Medical Job | Medical Writing Role at Becton Dickinson
Looking to advance your career in medical job with a globally trusted healthcare brand? Becton Dickinson (BD) is hiring a Deputy Manager, Medical Writing-a remote position based in Haryana. This is an excellent opportunity to join one of the top names in Becton Dickinson careers, contributing to clinical and regulatory excellence through high-quality documentation. If you’re passionate about science, writing, and regulatory compliance, explore one of BD’s most rewarding remote medical writing jobs today.
Job Details
- Position: Deputy Manager, Medical Writing
- Company: Becton Dickinson (BD)
- Location: Remote, Haryana, India (Primary Work Location: IND Gurgaon – Aurbis Summit)
- Job ID: R-529997
About the Company
Becton Dickinson (BD) is a world-leading medical technology company transforming healthcare through innovation and science. With over 70,000 associates in 190+ countries, BD is committed to improving medical discovery, diagnostics, and care delivery.

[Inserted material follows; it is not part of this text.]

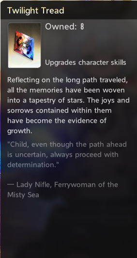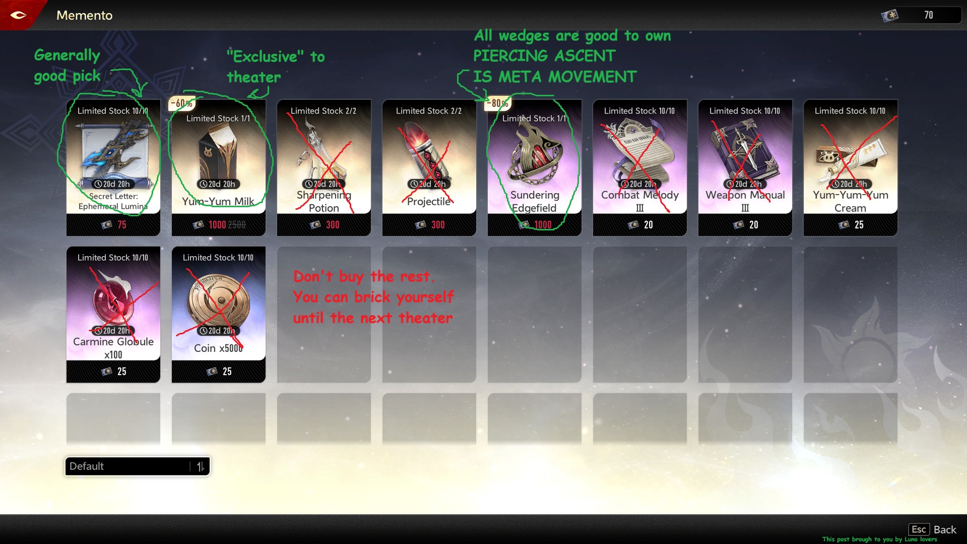 >>554503104>brick my account by wasting resources on irrelevant things,Worth to mention theater then. I took the chance to make an image for the new people. Sadly i didn't have all mods there to show.Don't buy the resources. Only milk, letters and wedges.Piercing Ascent is so good and so mandatory people want it nerfed. And honestly, kinda deserved.As was already mentioned, spend Twilight Tread wisely. It takes a lot of time to get them.>>554503104>whether this game's a gacha or a generous warframe reskinThe latter. Warframe with gacha skin.>should i be leveling up my characters and weapons using gold/paper materialsOpinion matter. Some people believe it is better to level them while afk farming.I think it's dreadfully slow and just levelled everyone with books. Either way, as long as you're aware and comfortable with your choice, use them away.Max level is 80>>554503104>any crazy mod intricacies like mutipliyingSomewhat. It's more of a matter with buffs. For example, Tabethe has a multiplicative skill damage bonus.Don't worry too much about it.Potatoes start scarce and end up fine.

Becton Dickinson careers offer professionals the chance to grow, collaborate, and impact global health outcomes through meaningful medical jobs across diverse functions.
Qualifications and Experience for this Medical Job
Required:
- Bachelor’s or advanced degree in medicine or a related field.

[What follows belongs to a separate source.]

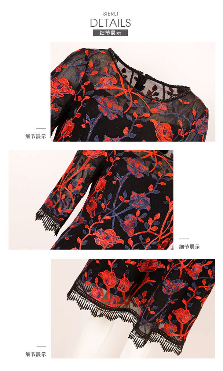 QE63A瑟俪(斯尔丽高端)舒适柔软低圆领撞色超细羊毛提花毛衣连衣裙

- 1–3 years of medical device experience (or 5+ years total industry experience).
- Strong English writing, communication, and analytical skills.
- Expertise in Microsoft Office and ability to manage multiple projects independently.
- Understanding of clinical research principles and regulatory writing requirements.
Preferred:
- Experience authoring CERs, CEPs, and PMCF documentation.
- Familiarity with European MDR and MEDDEV 2.7.1 guidelines.
Job Description
As part of BD’s expanding portfolio of medical job, this Deputy Manager, Medical Writing role involves developing and maintaining regulatory and clinical documentation, including Clinical Evaluation Reports (CERs), Clinical Evaluation Plans (CEPs), and Post-Market Clinical Follow-up (PMCF) Plans and Reports. You will collaborate with cross-functional teams across Regulatory, R&D, and Quality to ensure documents meet global standards and regulatory requirements. This flexible, remote medical writing job is ideal for professionals seeking autonomy, scientific engagement, and impactful healthcare communication.
Medical Job – Key Responsibilities
- Conduct comprehensive clinical evaluations, including data analysis, literature review, and report preparation.
- Author and maintain CERs, CEPs, and PMCF documents following EU MDR and MEDDEV 2.7.1.
- Collaborate with internal teams to gather technical, clinical, and regulatory information.
- Ensure all documentation meets accuracy, compliance, and timeline expectations.
- Conduct systematic literature reviews and summarize data for technical files.
- Provide quality control (QC) and peer review support for documents authored by team members.
- Stay updated on evolving regulatory and medical device standards.
- Support continuous improvement by revising templates and contributing to SOP development.